Burma's Hope

THE army's grip on Burma remains firm. But the upheaval that began last summer with the departure from office of military ruler U Ne Win still has some strength left. The Burmese people's desire for economic betterment and a more democratic government is seen in the registration of 170 new political ``parties'' - most of them small debating societies that want the protection of being on the official register. The push for change was also evident in the crowd of 100,000 or so that turned out, despite warnings from the army, for the funeral of the wife of Aung San, who led Burma to independence from Britain in the late 1940s.

Aung San's daughter, Aung San Suu Kyi, now leads the National League for Democracy, the main opposition party. The National Unity Party, inheritor of Ne Win's old Burma Socialist Program Party, has the army's backing, but the generals have to be worried by the popular support for Ms. Aung San Suu Kyi. If a fair election were held today, the National League for Democracy would probably triumph.

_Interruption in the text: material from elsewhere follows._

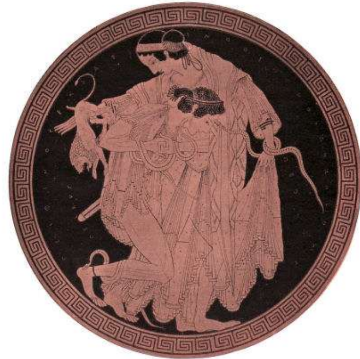
PELEUS WRESTLES WITH THETIS.

Yet his heart did not wholly fail him, though the panther snarled fearsomely and drove its sharp claws into his side. As blood-drops from the wound fell on the panther's glossy fur, Peleus could feel it tremble; for one instant it lay still in his arms, and in that instant he cried once more, "Speak to me, Thetis!" but now it gave a spring that well-nigh made him lose his hold, and he tripped over a stone and fell headlong. Furiously struggled the panting beast as they rolled upon the sand, hither and thither it dragged him while still he held on grimly, setting his teeth and straining every muscle in a last despairing effort. Its form seemed to swell and change colour before his failing eyes; surely now it was a huge tawny thing he fought with, and his fingers were locked in a shaggy mane! All at once the hollow roar of a

That's doubtless why a national vote, promised by Ne Win as he stepped down last July, seems to be perpetually pushed into the future by the current military rulers. After brutally crushing street demonstrations in September, Ne Win prot'eg'e Gen. Saw Maung said elections would come once law and order had been restored. That has been achieved, but since then other preconditions have been added: upgrading and repairing the country's transportation system, improving living standards.

The irony in these conditions, particularly the latter, is the near impossibility of accomplishing them under the present government. Halting, halfway efforts to modernize an economy made primitive by Ne Win's 26-year rule have failed. An unrealistic official exchange rate effectively blocks most trade and foreign investment.

The country's hope is a transition to democratic rule and the installation of leaders with some grasp of economics. Many observers see this hope dimming as the army consolidates its hold on power. But the army voluntarily gave up power once before, in 1960 when then army chief Ne Win - ever a central figure it seems - earlier stepped down after a beleaguered civilian government had asked him to take charge for a limited time.

It can only be hoped that Ne Win, now a shadowy figure in his 80s but still believed to wield influence, and his followers see the wisdom of repeating that history.